Another time, another way, Wynn might have been relieved at the realization. But not this way, here and now, for there was an orb below the keep.

“This is what you’ve been doing without telling me?”

Wynn flinched at Sherie’s sharp words and turned to find the duchess shaking her head at the aging sage.

“And you already knew!” Sherie accused Jausiff. “You . . . knew what was harming my brother.”

“Forgive me, my lady,” he answered. “I strive in my own way to save the duke, but I vowed to Aupsha and her people to keep silent on all of this . . . in exchange for her assistance.”

“A promise worth nothing!” Aupsha snarled at him.

“We have to get the artifact back,” Wynn interrupted. “At any cost.”

Aupsha turned on her. “We have already sought to do so but cannot penetrate the lower levels. The door is impassable, and only the duke and his foreign guards go below. And there is more to uncover.”

Aupsha closed on Wynn, which drew a warning growl from Shade.

“How was it found among my people at all?” Aupsha asked, as if suspicious of everyone now. “I have subtly engaged each Suman guard. None seem clever enough for what was done. It could not have been the duke himself, for he was here when my people were assaulted. Someone else stole our . . . charge.”

Wynn wondered about all of this as well. Who had the ability and knowledge to locate an orb, and more so one hidden for centuries by generational guardians? She was also curious about how this “sect” had procured an orb in the first place. But someone had located it among Aupsha’s people.

When Wynn had gone looking for lost Bäalâle Seatt, an ancient city of the dwarves from the time of the Forgotten History, Chane and Ore-Locks had been the ones to actually find the orb of Earth. But they’d found no thôrhk or key with it. Sau’ilahk had gotten ahead of them, and for some reason he hadn’t taken that orb.

Every orb uncovered so far had a handle—a key. Even the deceptively frail and ancient undead Li’kän had possessed one in guarding the first orb. Why hadn’t there been one in Bäalâle Seatt? Or perhaps there had been.

Had someone taken a key instead of the orb?

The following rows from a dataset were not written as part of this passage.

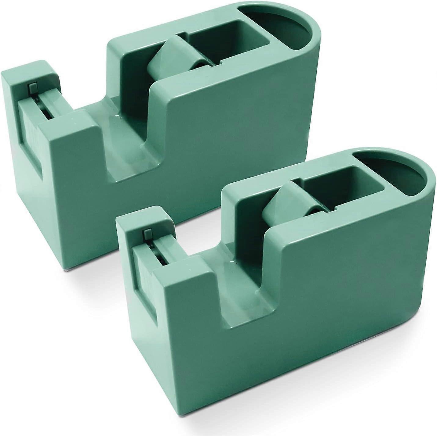2 Pack Tape Dispenser with Storage, Auto Cutter Head, Tape Holder, Non-Slip Base with Pen Holder, He
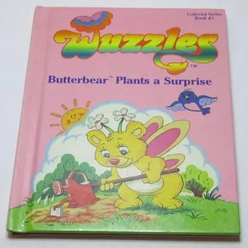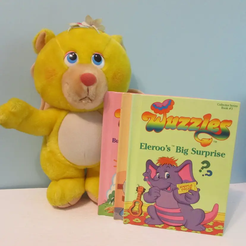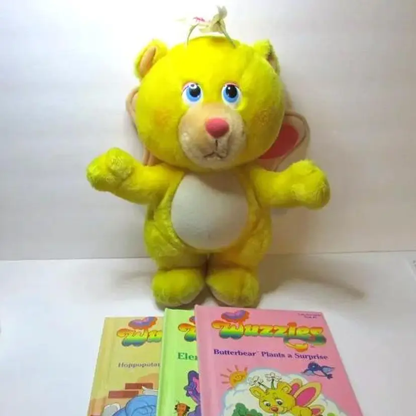 vintage Hasbro Softies Butter Bear stuffed animal teddy bear with 3 Wuzzles books lot
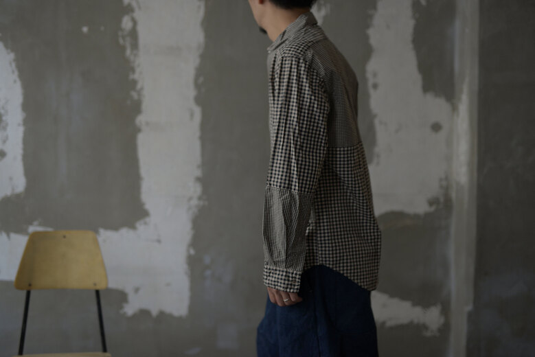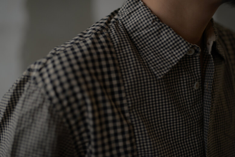 素肌に着たい、と思える程滑らかで気持ちの良いシャツ。触れるだけでも上質さが伝わってくる細番手で高密度なイタリアンコットン。大きさが異なるギンガムチェックを用いて、一枚のシャツ毎に柄域が違うパッチワークを丁寧に手作業で行い、染色にはお茶が使われている。ほんのりとブラウンが全体的に優しく彩られ、日光で見ると何とも上品なゴールドに見える。ボタンホールはシルク糸で手縫い、ボタンは古い貝ボタンが使われており、時間を掛けてゆっくりと、丁寧に作られている事が伝わってくる。『今までで1番納得のいく仕事ができた』とオリバー氏が言われていたシャツ。届くまでどんな雰囲気なのか全くといって良い程わからなかったけど、荷物を開けて取り出した時の高揚した気分はとてつもないものだった。お店に並べられる事がすごく嬉しいシャツ。是非皆さんにも見て、着て楽しんでもらいたいオリバーチャーチの傑作です。<br>
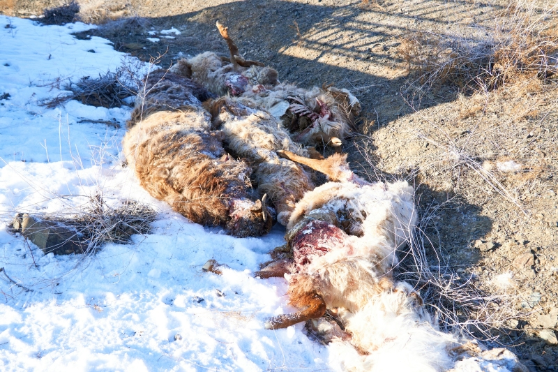 在约定好的汇合点,牧民已经将被害的12只羊搬运到指定位置。托里县自然资源局野生动植物保护管理办公室主任吉丽告诉记者,狼主要是以袭击羊的脖子或尾部为主,现场这些羊都符合这些特征。
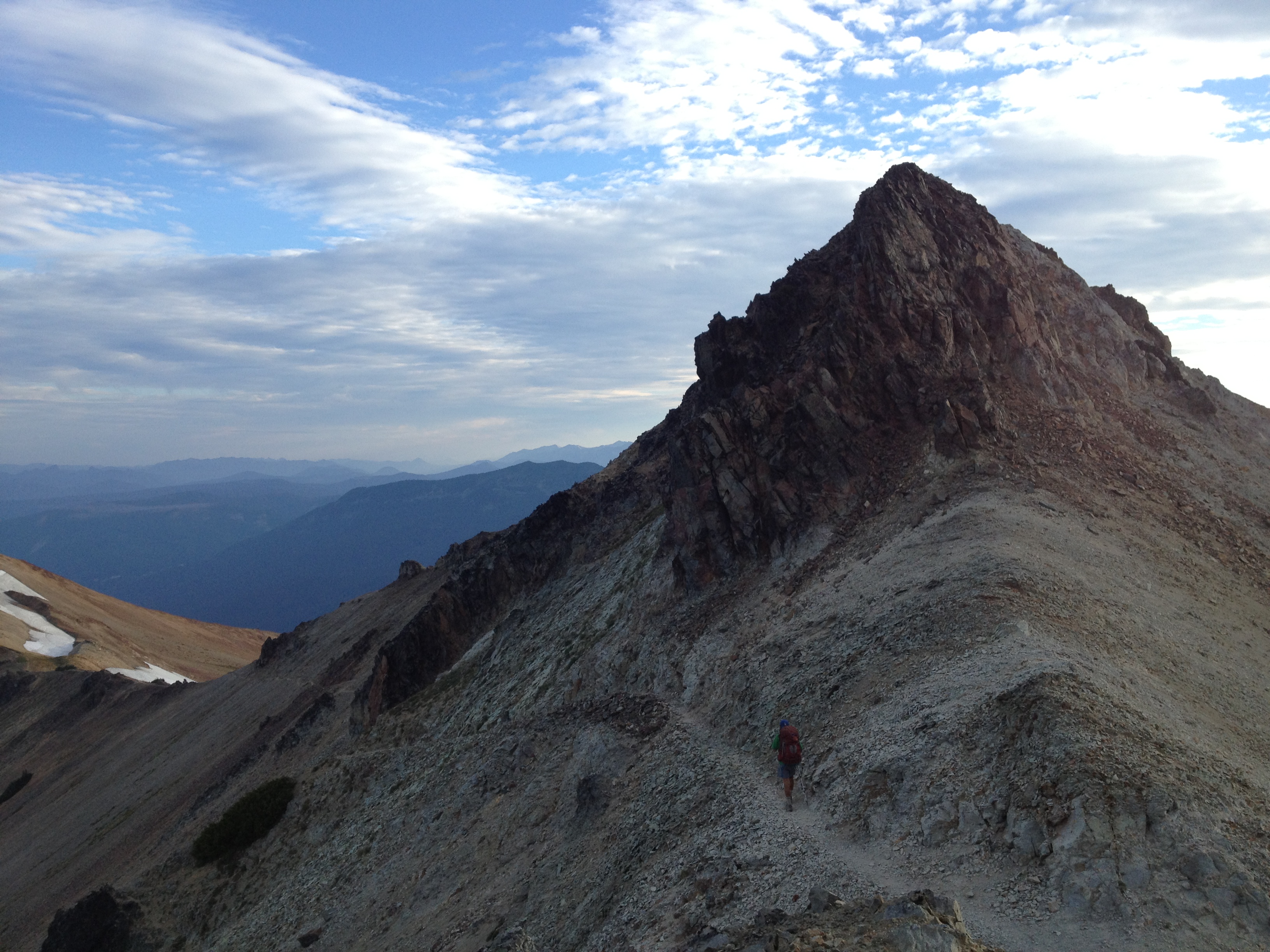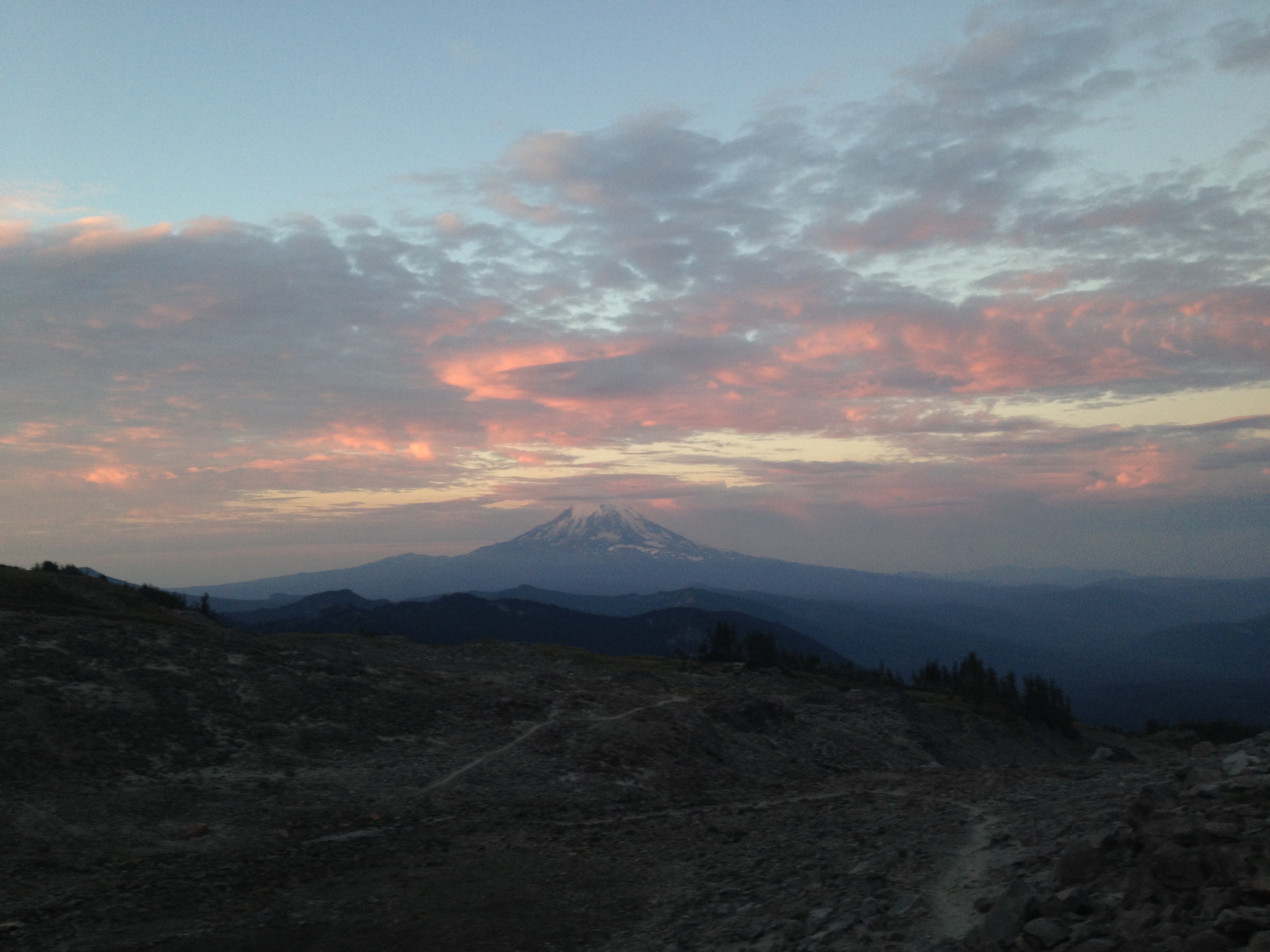 The next chapter of Washington brought us the highlight of our trip so far: the Goat Rocks. We walked from Snowgrass Flats over the Knife’s Edge just as the sun was rising and were treated to a pink and purple alpenglow on both Rainier and Adams.

It made no sense until Wynn looked at the “compass” object in Jausiff’s hand. Could a key as a whole be used to track down an orb? If so, and if Sau’ilahk had gained a thôrhk left with the orb of Earth . . .

The bodies in Aupsha’s memory showed no signs of the way the wraith killed. None had been aged, left shriveled from devoured life, or even marked like young Nikolas with streaks of gray in his hair. Such details might not matter, though. Sau’ilahk might have arranged for human assistance.

“In your attempt to reach the underlevels,” she said to Aupsha, “how close did you get?”

Aupsha’s eyes shifted toward Osha. “To the door around the end of the passage where he saw us. We have not found a way through it.”

“The only key to that door was taken by my brother,” Sherie added.

Wynn turned. “I need to get to that door. I need time there undisturbed to . . . to study it. Can you arrange this for me?”

Sherie watched Wynn for another three breaths. “And if this artifact is recovered, what would you do with it?”

Wynn couldn’t tell if that was a threat hiding behind a suspicious question. “I will take it far from here to where no one, including your brother, will ever see it again.”

Aupsha spun toward Wynn again, but Wynn looked away to Shade and then Osha.

“I’ll need you and Shade as well,” she added.

Neither of them responded, though a worried frown marred Osha’s expression.

There was only one way Wynn could determine whether the orb was below the keep. As to Sau’ilahk, if he was here, she wouldn’t be able to find him yet . . . not until nightfall.

Shade wasn’t going to like what Wynn had in mind, but at least Chane was still dormant and wouldn’t be there to argue.